Keyifli okumalar dilerim.Hayatın ansızın bize getirdiği bazı anlar olurdu. Beklenemedik anlar... Kimi garip hissettirirdi, kimi öfkeli, kimi mutlu.. Ama bazı anlar vardı ki hiç beklemediğiniz anda derin bir acıyla sarsardı sizi. O dik duruşunuzun yerini alırdı çökmüş omuzlarınız.
İfadesiz bakan duygusuz harelere mıh gibi çakılırdı acının derin emareleri.
Takvimin yaprakları 28 Kasım 2022'yi gösteriyordu. Akrep yelkovanı kovalamış saat gece yarısını çoktan geçmişti. Sabah olmak üzereydi. Hangi gündeydim bilmiyorum ama Kasım aynın kasvetli ve karanlık havası gökyüzünü sarıp sarmalamıştı.
Kalbimde acısı hiç geçemeyecek bir yaranın derin izi vardı.

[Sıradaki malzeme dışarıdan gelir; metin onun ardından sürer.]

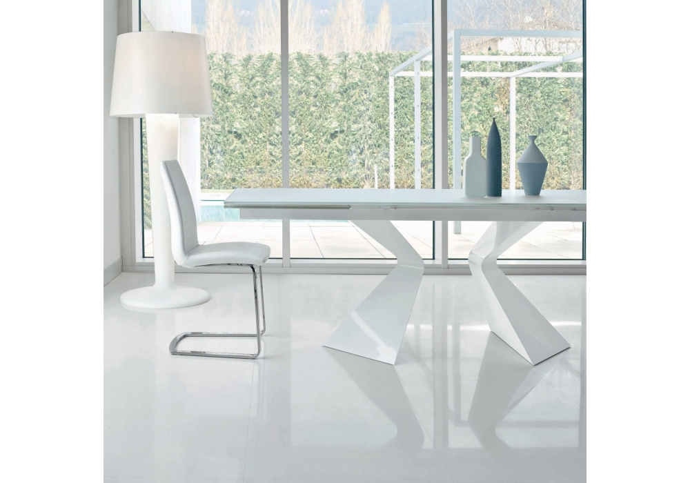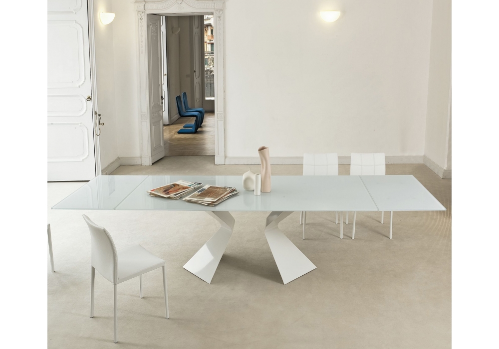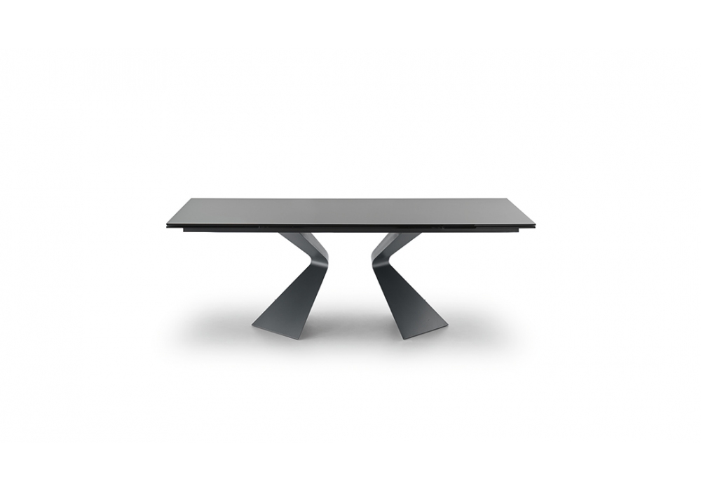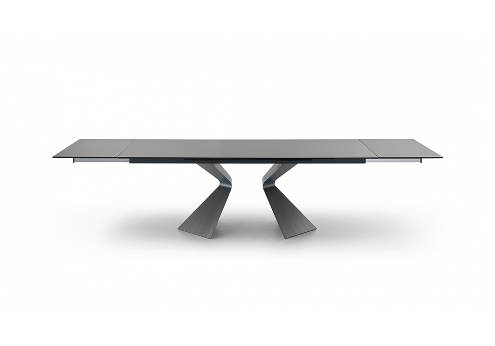 Prora diseñada por Mauro Lipparini para Bonaldo es una mesa extensible con estructura y base central en metal y tablero/extensiones en madera lacada, cristal o cerámica, disponible en diferentes acabados.
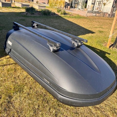 Thule tagboks i grå. Tagboksen monteres på bilens tagbøjler og giver ekstra opbevaringsplads til bagage, udstyr eller lignende. Den åbnes fra siden og har låsesystem med nøgle. Velegnet til brug ved rejser, ferier og transport af let gods på bilens tag.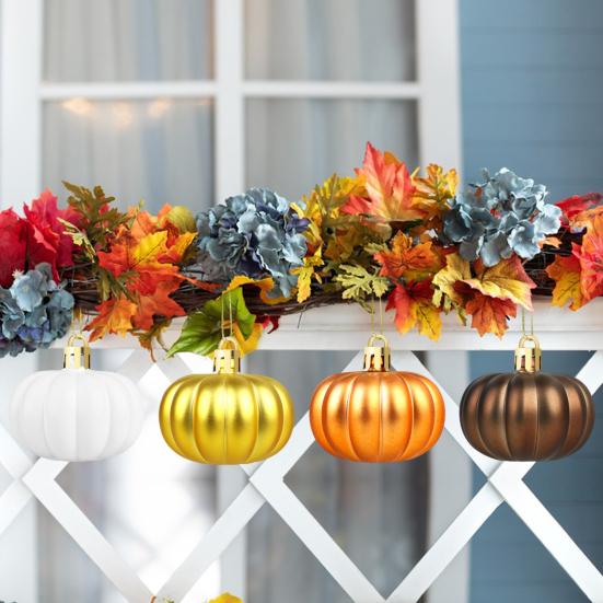 Несколько цветов: В этот набор входят 4 ярких украшения в виде тыквы оранжевого, золотого, белого и коричневого оттенков, что обеспечивает классическую цветовую палитру для разнообразных декоративных нужд.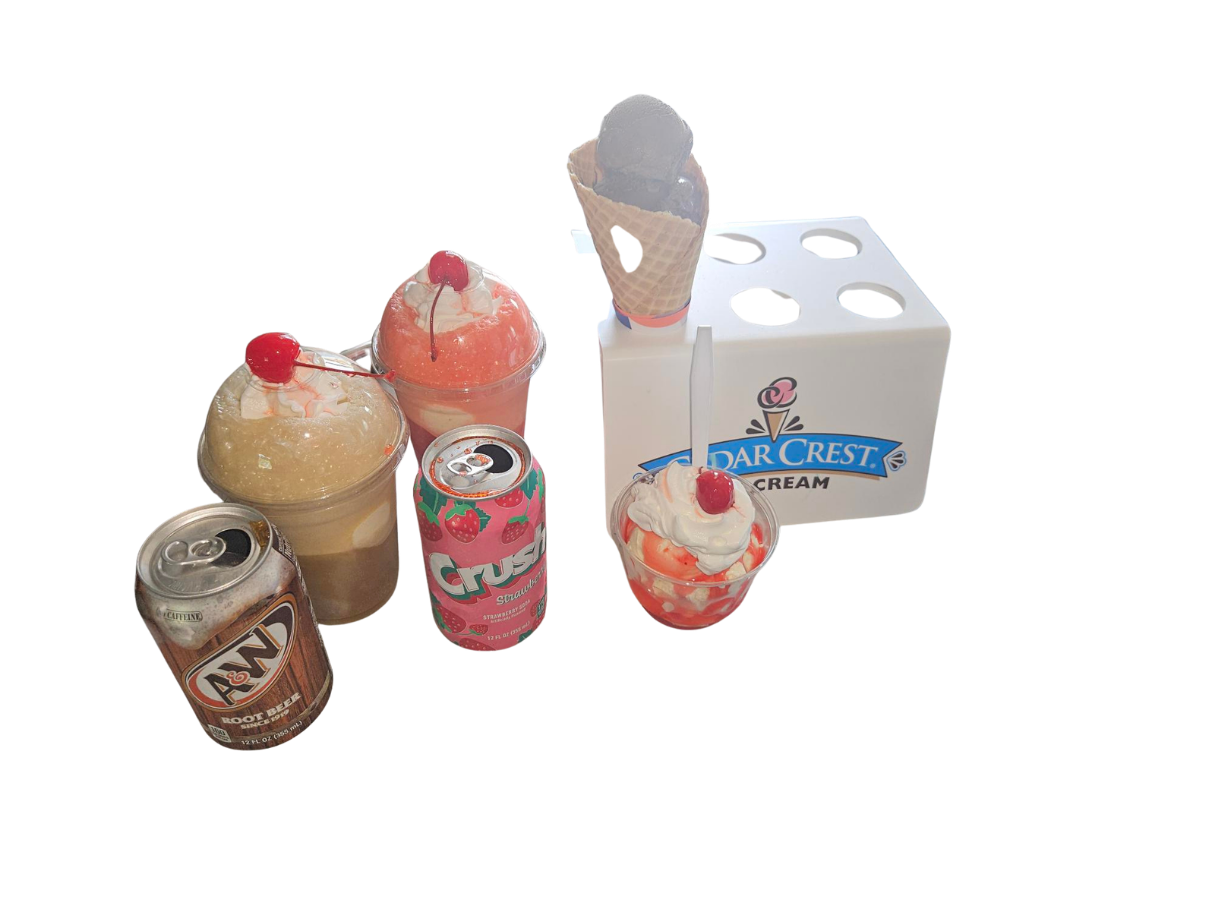 - Soda Float $7.00 (16oz cup, lid, straw, spoon, 2 Scoops of Vanilla Ice Cream, and a can of Soda)

Gözlerimde, öksüz kalan bir evladın izleri vardı.
Kimsesiz kalan bir kadının acısı göğüs kafesimde kendine yer bulmuş gibiydi.
"Abla!" Kız kardeşimin neşeli sesi kulaklarıma ulaştığında gülümsedim. Küçücük boyuyla karşımda dikildiğinde oturduğum koltuğa tırmandı.
"Söyle ablam." Dedim yanaklarına sulu sulu öpücükler bırakırken. Henüz sekiz yaşındaydı. Benden on sekiz yaş küçüktü. Benden aldığı siyah saçları gece gibi parlıyor küçük ve tatlı çehresini sarıyordu. Kocaman yeşil gözleri gözlerimle aynı renkteydi. Babamın ikinci eşinden olan çocuğuydu. Yıllar önce annem vefat ettiğinde babam her ne kadar istemese de Şebnem ablayla evlenmek zorunda kalmıştı.
Asya, evin en küçüğü hepimizin gözbebeğiydi.
"Bu akşam davet varya," dedi, kıvranarak.
"Hı hı." Dedim. Meclisin oluşturduğu davetlerden bir tanesiydi.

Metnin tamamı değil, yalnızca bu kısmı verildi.